→ Collected data:
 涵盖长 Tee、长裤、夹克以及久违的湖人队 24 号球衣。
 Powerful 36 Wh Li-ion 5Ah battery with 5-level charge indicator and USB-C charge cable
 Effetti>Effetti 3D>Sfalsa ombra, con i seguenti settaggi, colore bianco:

→ About this task: Every line in the listing above should be repeated exactly.

→ Result:
 涵盖长 Tee、长裤、夹克以及久违的湖人队 24 号球衣。
 Powerful 36 Wh Li-ion 5Ah battery with 5-level charge indicator and USB-C charge cable
 Effetti>Effetti 3D>Sfalsa ombra, con i seguenti settaggi, colore bianco:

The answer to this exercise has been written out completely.